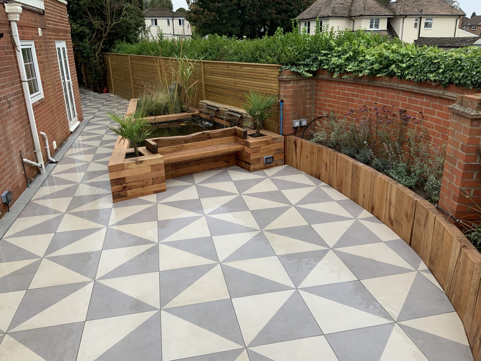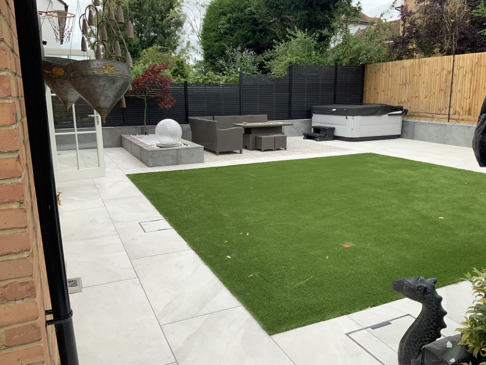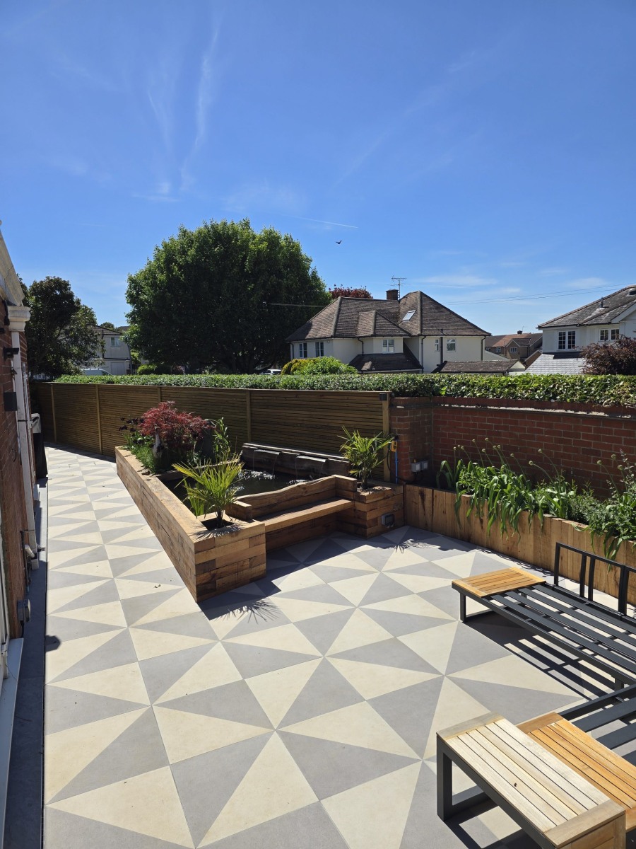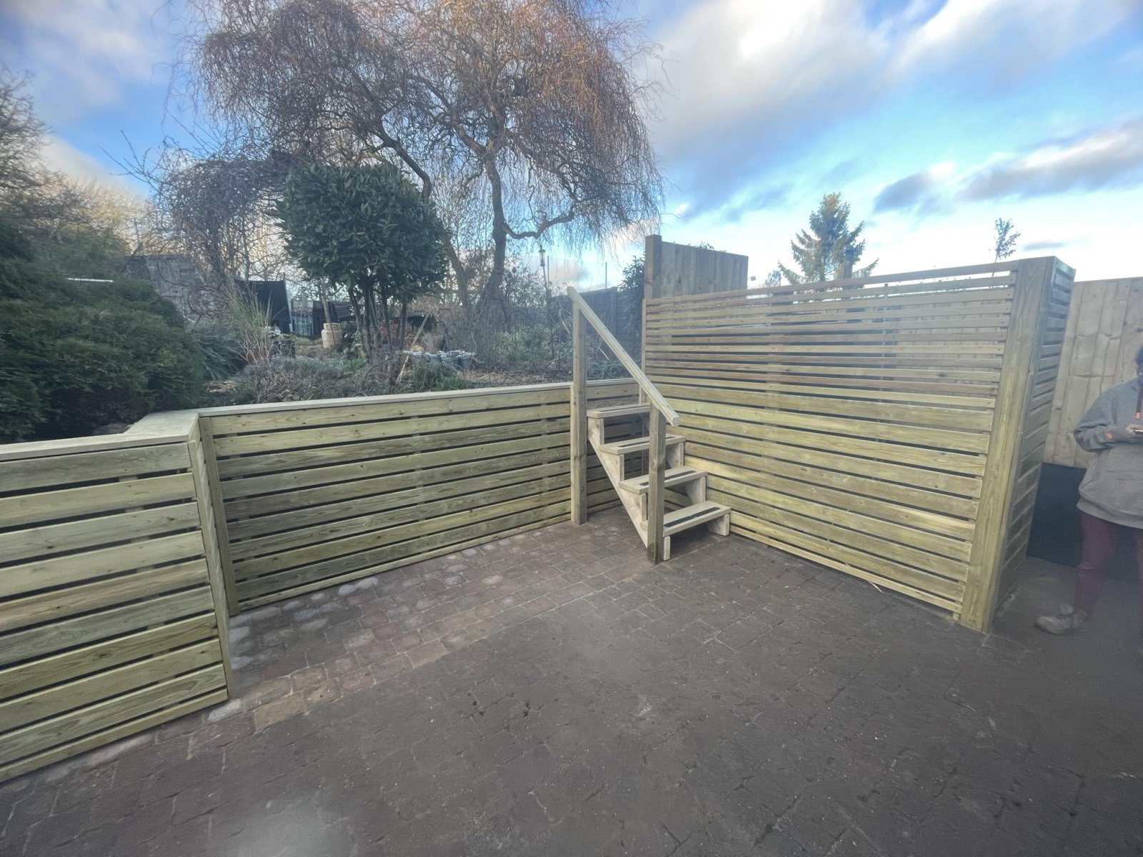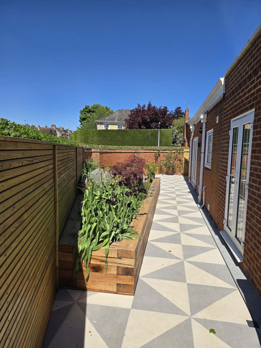 Our past work includes bespoke patio designs, lush planting schemes, lawn installations, and structural features such as decking, fencing, and pathways.
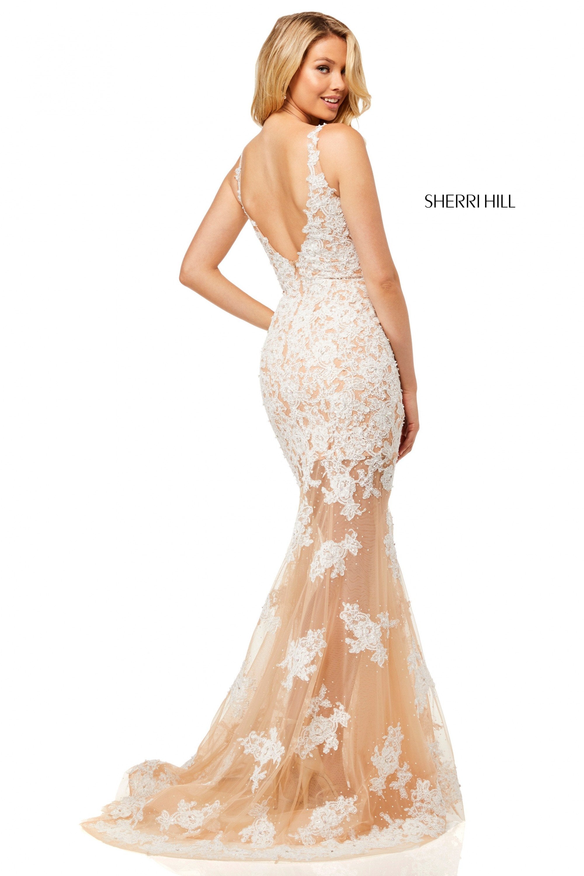 Lace V-neck mermaid with a sheer skirt.
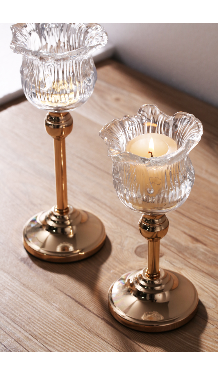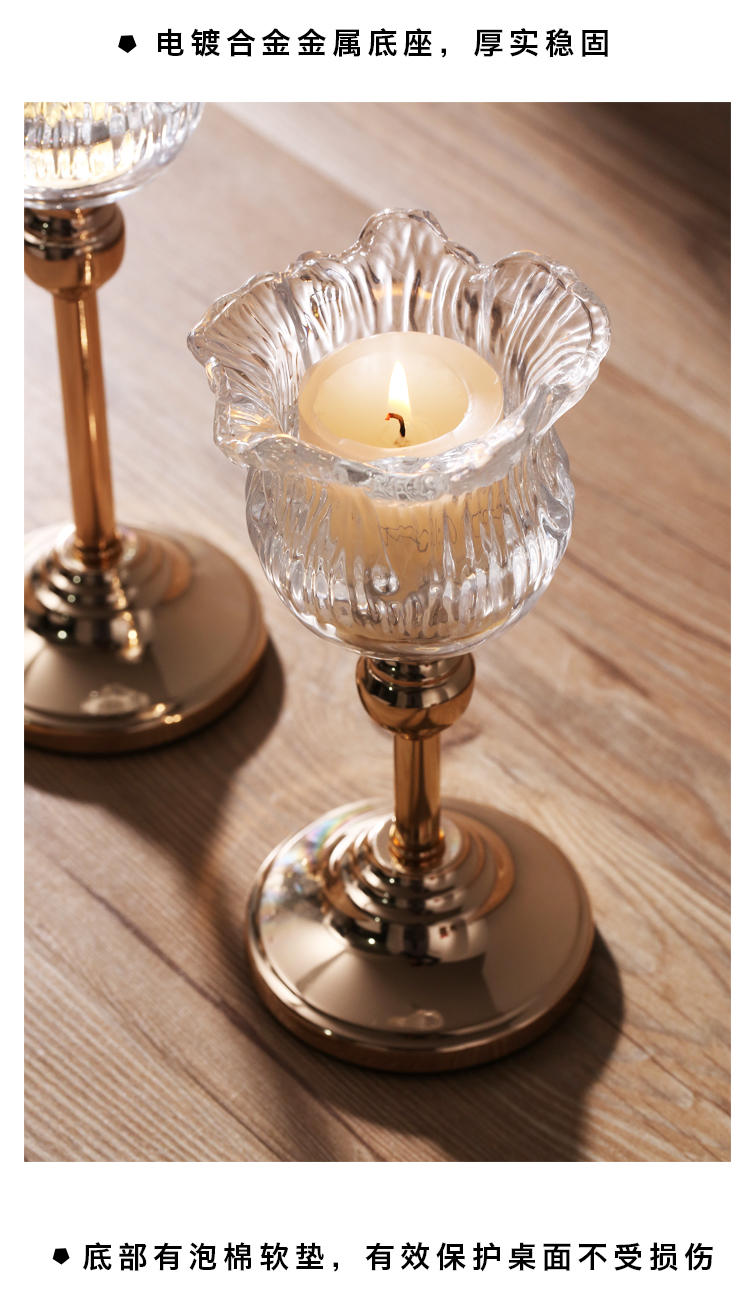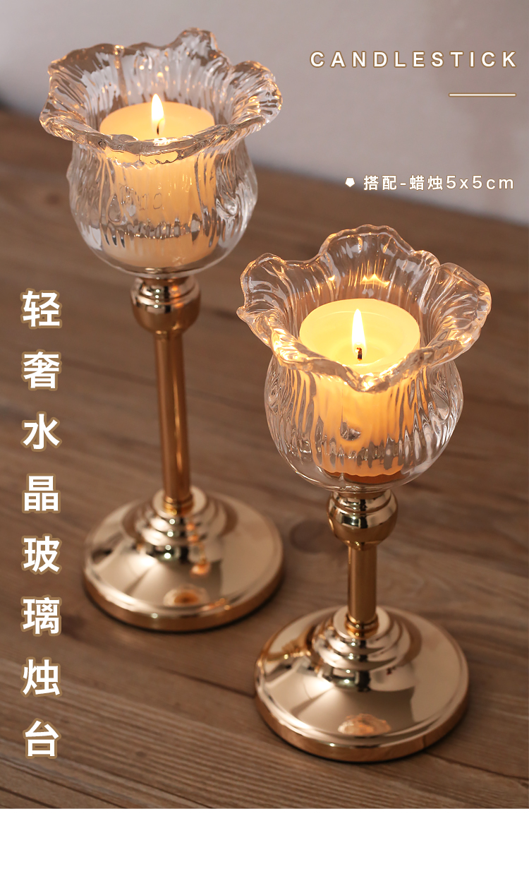 北欧轻奢金属水晶玻璃蜡烛台高脚欧式浪漫烛光晚餐桌装饰家居摆件

* **WHAT YOU NEED TO DO**
Output the data exactly, pictures omitted.

* **THE ANSWER**
 Our past work includes bespoke patio designs, lush planting schemes, lawn installations, and structural features such as decking, fencing, and pathways.
 Lace V-neck mermaid with a sheer skirt.
 北欧轻奢金属水晶玻璃蜡烛台高脚欧式浪漫烛光晚餐桌装饰家居摆件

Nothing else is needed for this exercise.